* **What is required**
Transcribe exactly the lines below that begin at the line with "Bedroom - 3.6" and stop after the line with "Τα κατάμαυρα μαλλιά", leaving out every picture.
-------- Provided entries --------
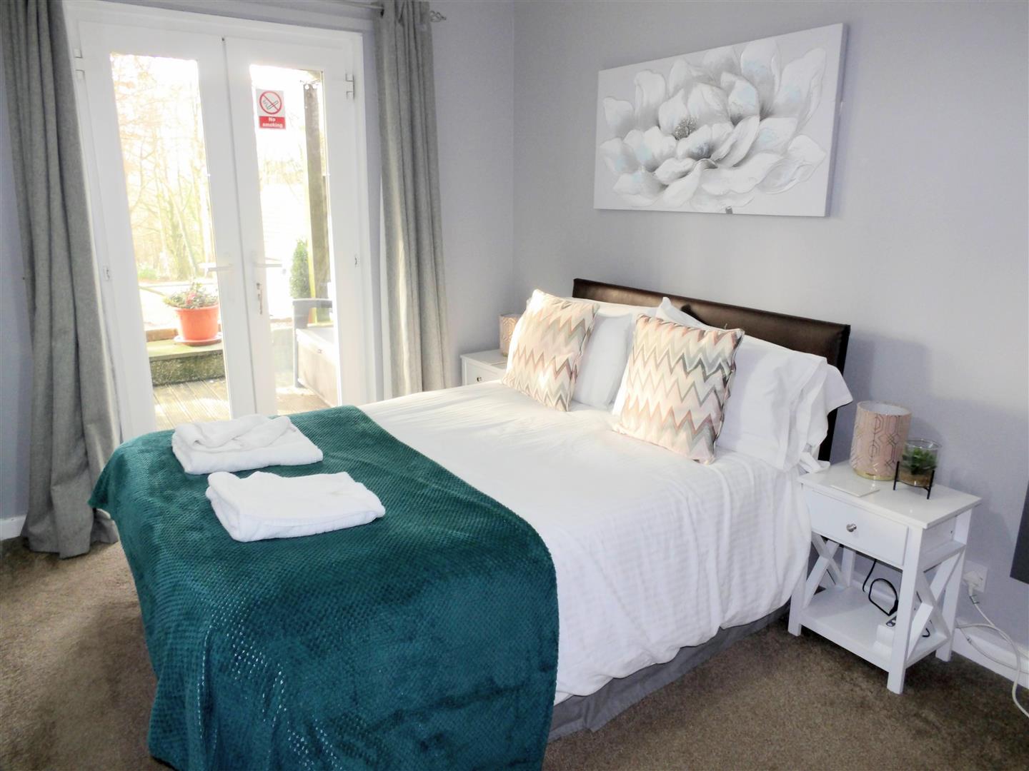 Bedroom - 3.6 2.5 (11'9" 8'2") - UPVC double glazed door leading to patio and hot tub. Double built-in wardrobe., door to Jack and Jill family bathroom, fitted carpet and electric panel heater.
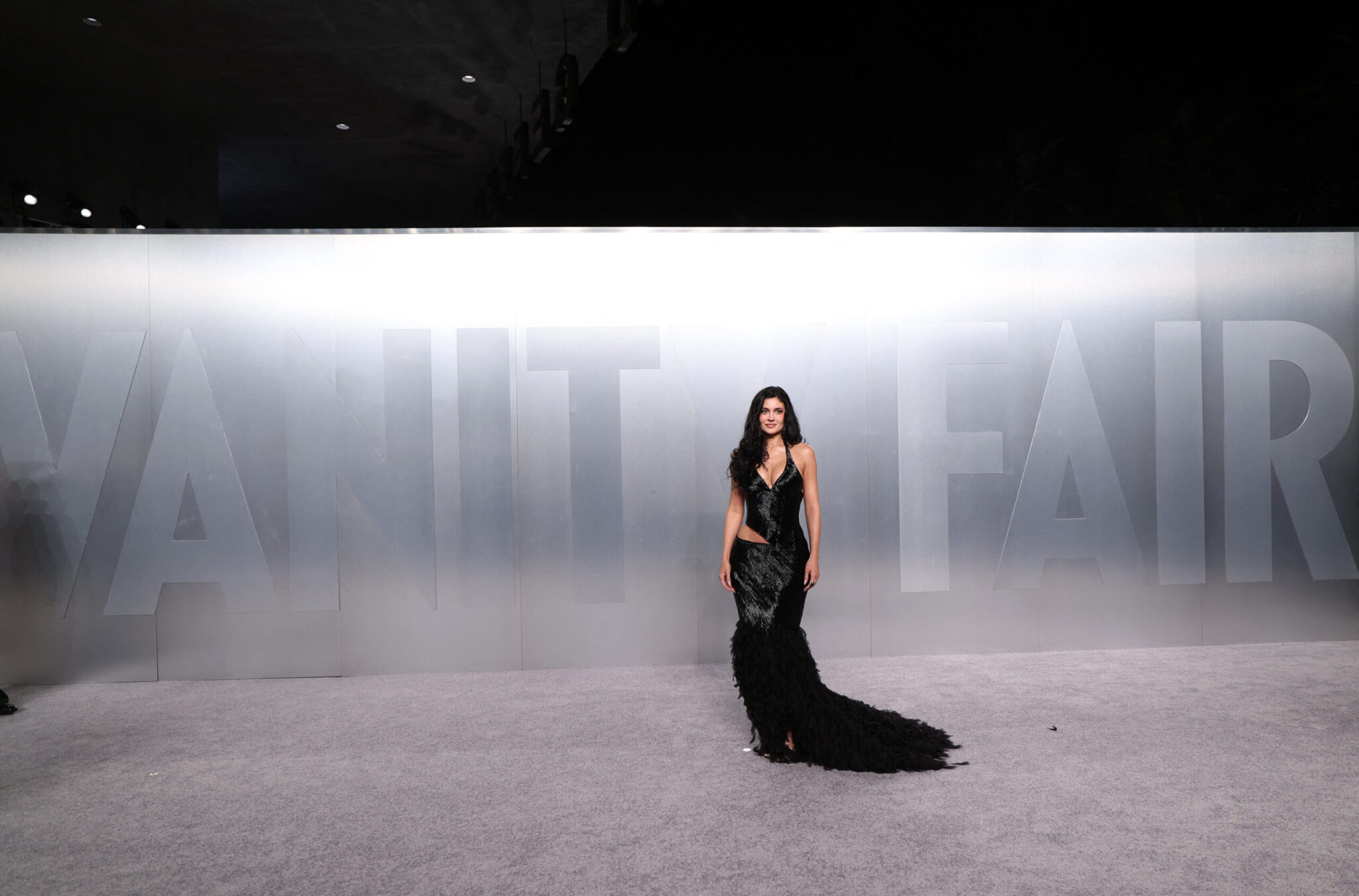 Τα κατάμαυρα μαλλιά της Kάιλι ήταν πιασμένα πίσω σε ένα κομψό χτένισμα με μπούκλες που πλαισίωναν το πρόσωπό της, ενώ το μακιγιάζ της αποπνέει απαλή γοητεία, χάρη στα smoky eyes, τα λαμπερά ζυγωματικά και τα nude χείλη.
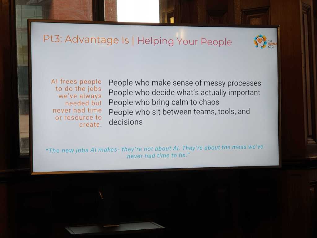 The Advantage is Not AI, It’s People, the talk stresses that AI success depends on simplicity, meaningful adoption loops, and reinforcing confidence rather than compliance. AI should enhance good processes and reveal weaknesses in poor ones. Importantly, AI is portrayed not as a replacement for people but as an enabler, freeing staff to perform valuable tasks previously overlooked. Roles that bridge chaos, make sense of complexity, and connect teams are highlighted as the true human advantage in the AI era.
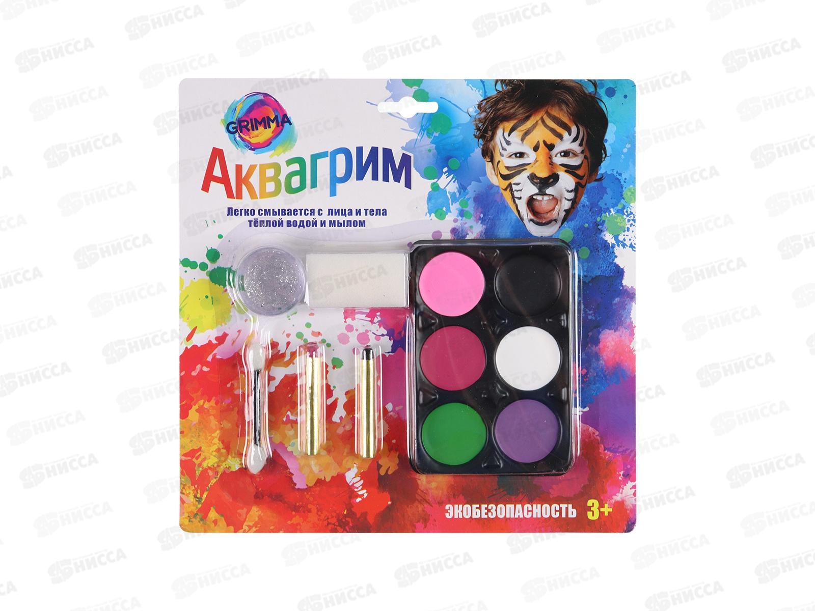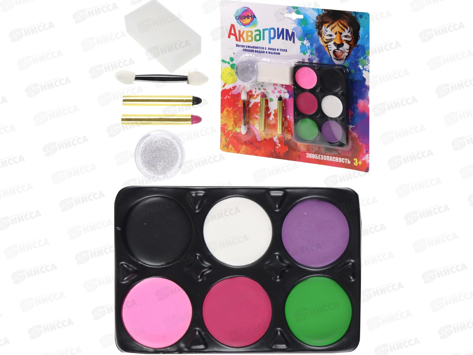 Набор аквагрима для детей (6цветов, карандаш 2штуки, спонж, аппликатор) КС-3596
--------
-------- Provided entries --------
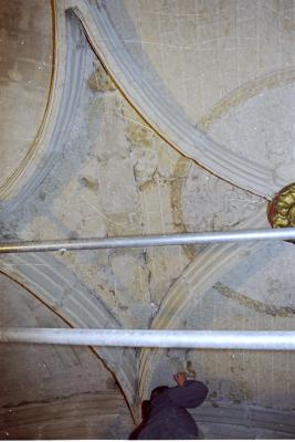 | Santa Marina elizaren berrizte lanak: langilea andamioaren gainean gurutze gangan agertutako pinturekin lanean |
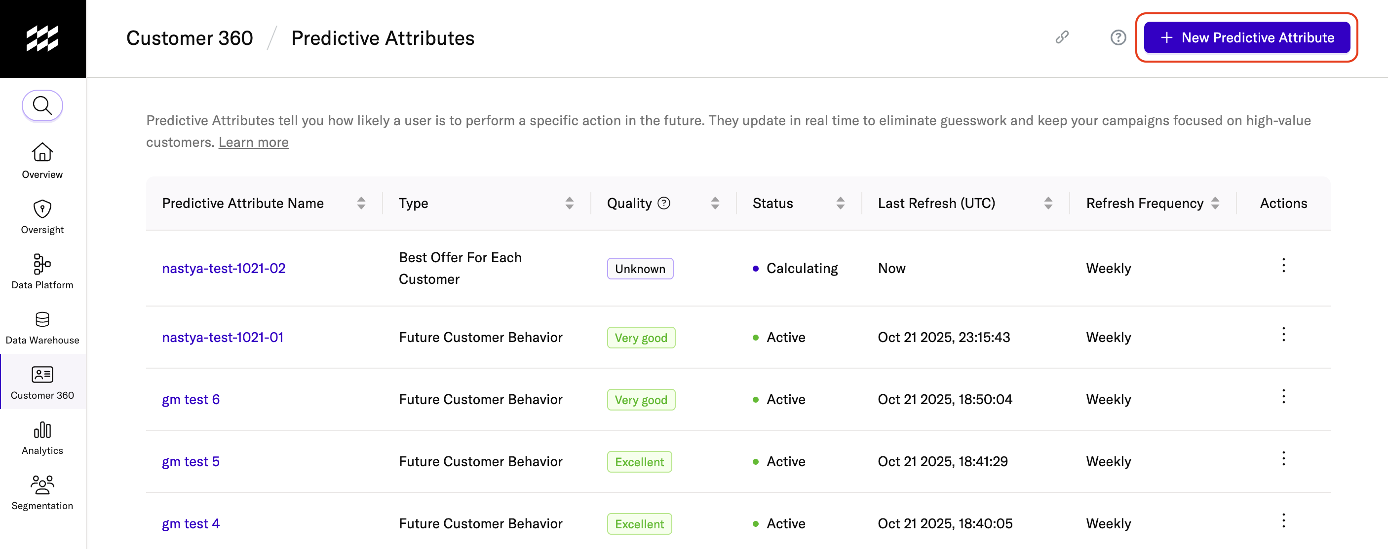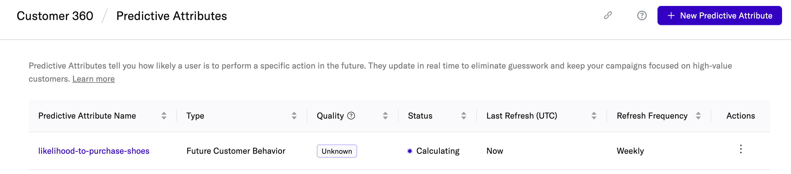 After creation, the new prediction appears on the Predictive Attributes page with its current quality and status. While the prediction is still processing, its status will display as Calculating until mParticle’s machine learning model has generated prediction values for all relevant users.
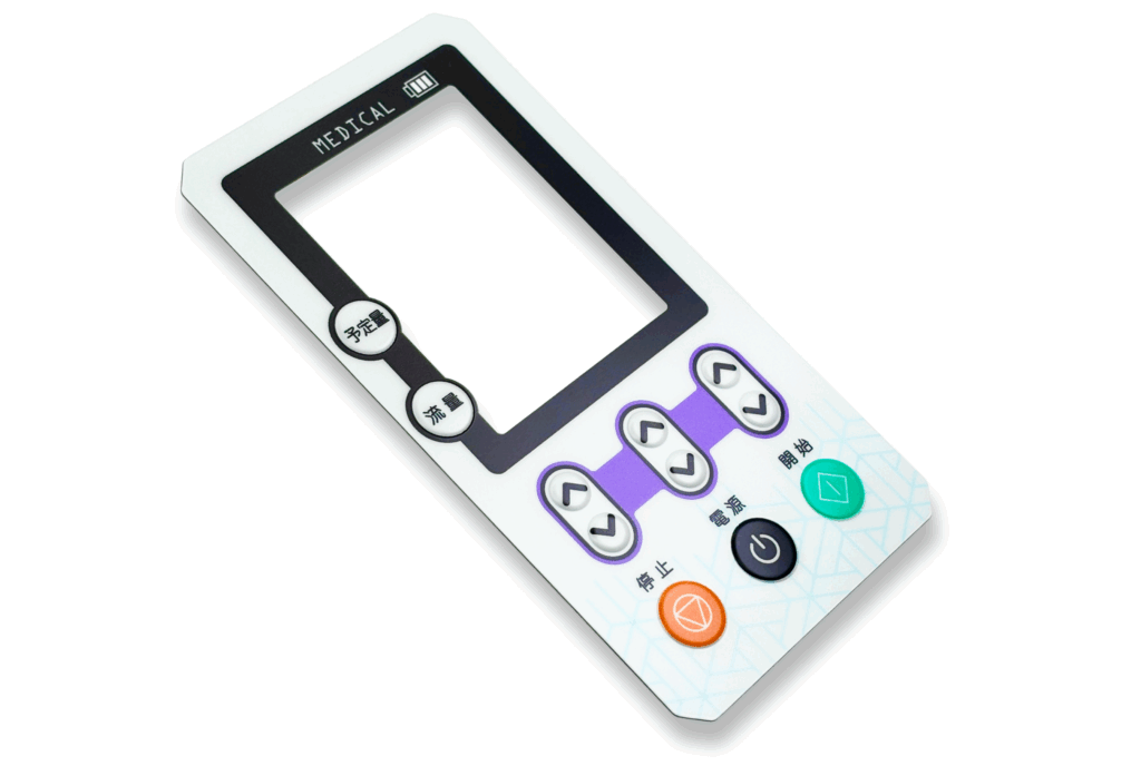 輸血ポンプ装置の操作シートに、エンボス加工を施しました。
--------
* **Solution for this exercise**
 Bedroom - 3.6 2.5 (11'9" 8'2") - UPVC double glazed door leading to patio and hot tub. Double built-in wardrobe., door to Jack and Jill family bathroom, fitted carpet and electric panel heater.
 Τα κατάμαυρα μαλλιά της Kάιλι ήταν πιασμένα πίσω σε ένα κομψό χτένισμα με μπούκλες που πλαισίωναν το πρόσωπό της, ενώ το μακιγιάζ της αποπνέει απαλή γοητεία, χάρη στα smoky eyes, τα λαμπερά ζυγωματικά και τα nude χείλη.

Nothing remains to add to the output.